Fisherman jailed for attacks on men
A repeat sex offender's willingness to undergo treatment in prison was described as "a Clayton's offer" by a judge who jailed him today.
Judge Alistair Garland noted that Matthew Scott Levy, 37, continued to deny sex offending even after a Christchurch District Court jury convicted him on charges relating to three incidents with different complainants.
Levy's defence counsel, Rupert Glover, said: "He does not accept he has committed these offences and is disappointed by the jury's verdicts."
The judge interrupted when Glover spoke of Levy's willingness to undertake any treatment opportunities in prison.
"What's the point of that?" Judge Garland said.
"Here is a man who does not acknowledge he has done wrong. What chance would a rehabilitation programme have of success?"
Glover said psychological reports prepared for the sentencing suggested there would by some underlying issues and problems that had caused Levy to behave in this way, and they could be addressed.

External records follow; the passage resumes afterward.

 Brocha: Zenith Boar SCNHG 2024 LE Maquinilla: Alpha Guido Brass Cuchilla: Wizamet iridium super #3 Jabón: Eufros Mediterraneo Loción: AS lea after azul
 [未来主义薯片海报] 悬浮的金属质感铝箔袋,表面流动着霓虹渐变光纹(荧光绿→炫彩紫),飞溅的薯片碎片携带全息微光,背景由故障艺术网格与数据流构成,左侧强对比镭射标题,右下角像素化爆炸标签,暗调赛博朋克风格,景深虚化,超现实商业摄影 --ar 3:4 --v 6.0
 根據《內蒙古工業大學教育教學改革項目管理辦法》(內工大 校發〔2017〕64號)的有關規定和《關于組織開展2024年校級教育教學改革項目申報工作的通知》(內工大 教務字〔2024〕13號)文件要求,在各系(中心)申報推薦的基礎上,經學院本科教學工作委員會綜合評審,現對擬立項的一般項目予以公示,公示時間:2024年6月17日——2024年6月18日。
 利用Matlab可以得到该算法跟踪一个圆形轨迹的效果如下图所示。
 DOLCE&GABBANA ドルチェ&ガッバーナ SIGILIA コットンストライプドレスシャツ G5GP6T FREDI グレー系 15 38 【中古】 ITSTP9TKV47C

The judge said: "It's a Clayton's offer."
"I don't accept that for a moment," Glover said.
Both psychologists had accepted it was a genuine offer by Levy to undergo treatment.
Levy, a commercial fisherman, was convicted in a six-day jury trial last year of assaulting a fishing boat crewman, while they were at sea, with intent to commit sexual violation, and intentionally injuring him by punching him.

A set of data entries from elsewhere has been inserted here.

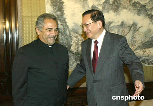 中國國務委員唐家璇十二月十四日在北京中南海會見來訪的東帝汶外交部長奧爾塔。中新社記者:史利
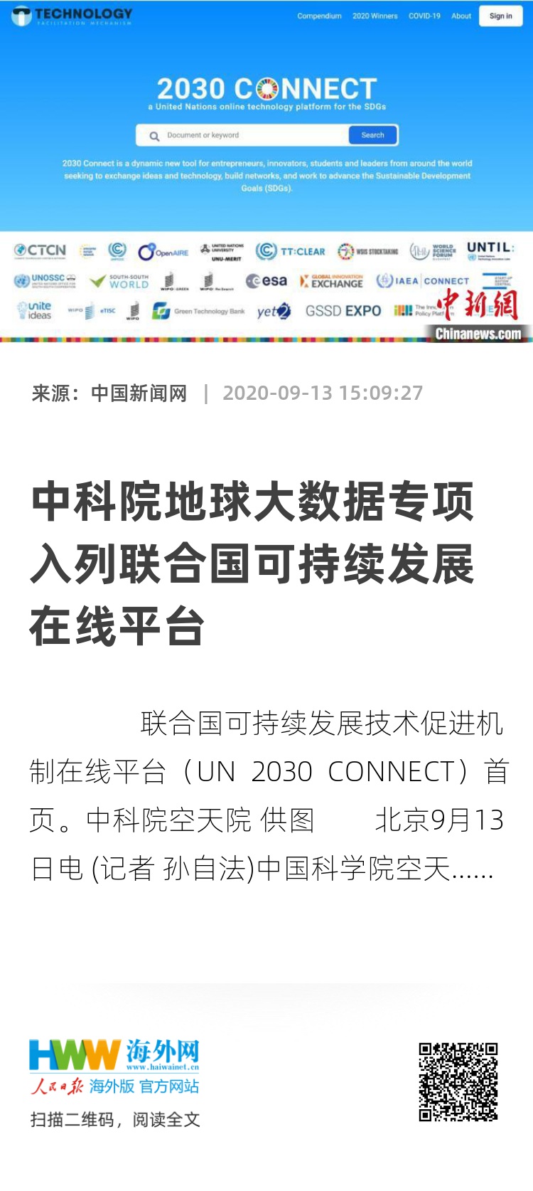 中新网北京9月13日电 (记者 孙自法)中国科学院空天信息创新研究院(中科院空天院)13日发布消息说,在第75届联合国大会开幕前夕,联合国可持续发展技术促进机制在线平台(UN 2030 CONNECT)已将中科院地球大数据专项列为其合作伙伴和技术支持机构。
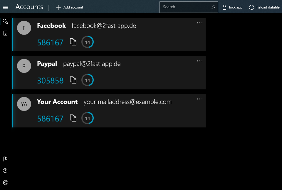 2fast (acronym for two factor authenticator supporting TOTP) is a free, open source, two factor authenticator for Windows and other platforms. 2fast has the ability to store the encrypted data at a place of your choice instead of a 3rd party cloud location.
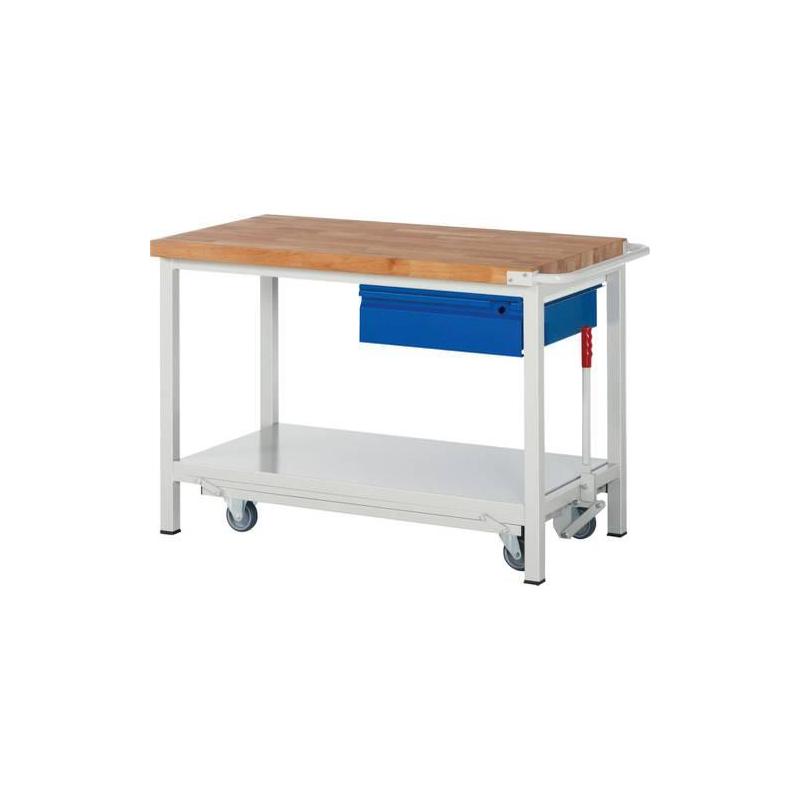 Pojízdný pracovní stůl, sklopný, 1 zásuvka -Snížená verze Snižovatelný podvozek s excentrickou pákou (vpravo). Maximální plošné zatížení 1250 kg nebo 450 kg s prodlouženým podvozkem. S policí z ocelového plechu, výška 40 mm, hloubka 650 mm. 1 závěsná zásuvka, výška 150 mm, max. zatížení 50 kg. -Vysoce kvalitní svařovaná konstrukce Rám z ocelových profilových trubek 45x45 mm. -Pracovní plocha Materiál: bukový masiv, povrch je chráněn ekologickým lakovým olejem. Tloušťka: 40 mm. -Zásuvky s kolečky Výsuvné: přibližně 90 %. Nosnost: 100 kg. Vnitřní rozměry: ŠxH 490x560 mm. -Centrální zámek Zámek: se 2 klíči. -Ekologicky šetrné práškové lakování Kryt: světle šedá RAL 7035. Zásuvky/dveře: RAL 5010 hořcově modrá.
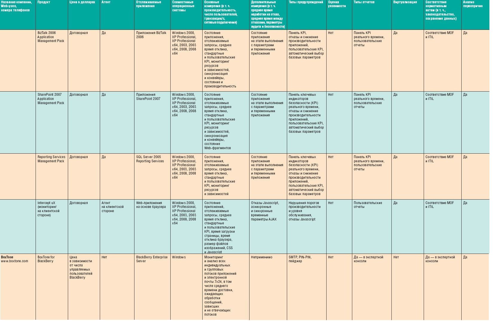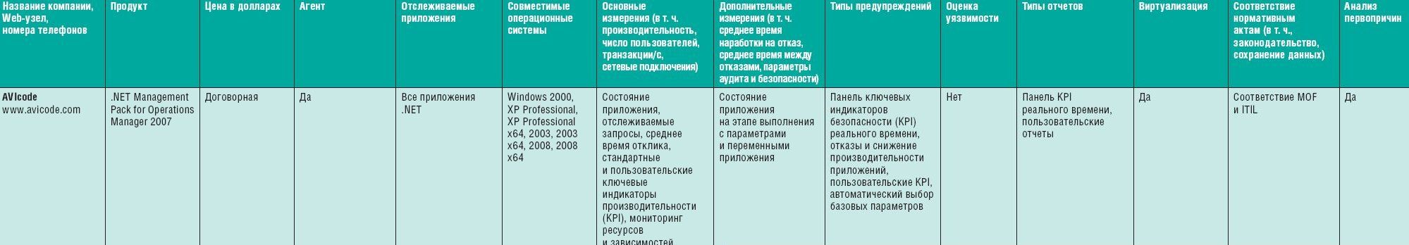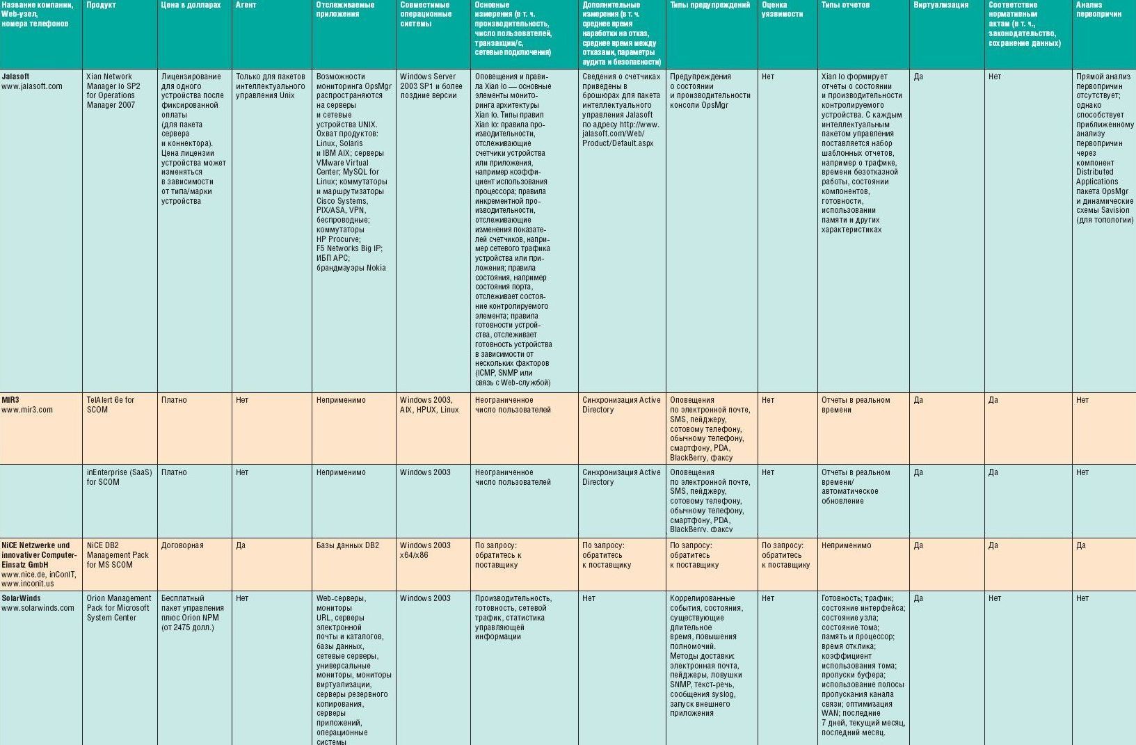 Пакеты управления и надстройки независимых поставщиков позволяют расширять и без того мощные функции мониторинга и подготовки отчетов Ops Manager. Оценивая продукты, в первую очередь определите требуемый диапазон действия, будь то исчерпывающий мониторинг приложений или платформы либо внесение специфических улучшений в функции мониторинга и подготовки отчетов Ops Manager. Затем воспользуйтесь решениями и характеристиками, перечисленными в таблице, в качестве отправной точки для поиска оптимального расширения.

He was also charged with the sexual violation of a 20-year-old man he picked up in his car. The man was drunk and fell asleep in the car, but woke to find Levy performing the act.
The third incident related to Levy being seen doing an indecent act in the public toilets in Shaw Ave, New Brighton.
Glover said Levy had been in a seven-year relationship with a woman and was successful as a fisherman.
"It is a matter of great surprise to all the people who know him that he appears before the court on charges like this."
He said Levy's only previous convictions were for drink-driving and a breach of bail.
Judge Garland said the first victim had been vulnerable because he was on a fishing boat off the coast and had no means of escape.
The offending had affected him physically, mentally and financially.
Levy had taken advantage of the second victim's intoxication.
The man had found the incident distressing and embarrassing.
The judge said Levy told the probation interviewer he accepted the need to undertake programmes to make his way through the prison system and present himself as someone who was safe to be released into the community.
He was seen as a moderate risk of further sexual offending and a low risk of violent offending.
The judge added to the sentence because some of the offending had occurred while Levy was on bail.
He imposed a series of sentences totalling eight years and three months, but ordered no minimum non-parole term.
He read Levy a first-strike warning under the system that imposes heavier penalties on repeat violent and sexual offenders.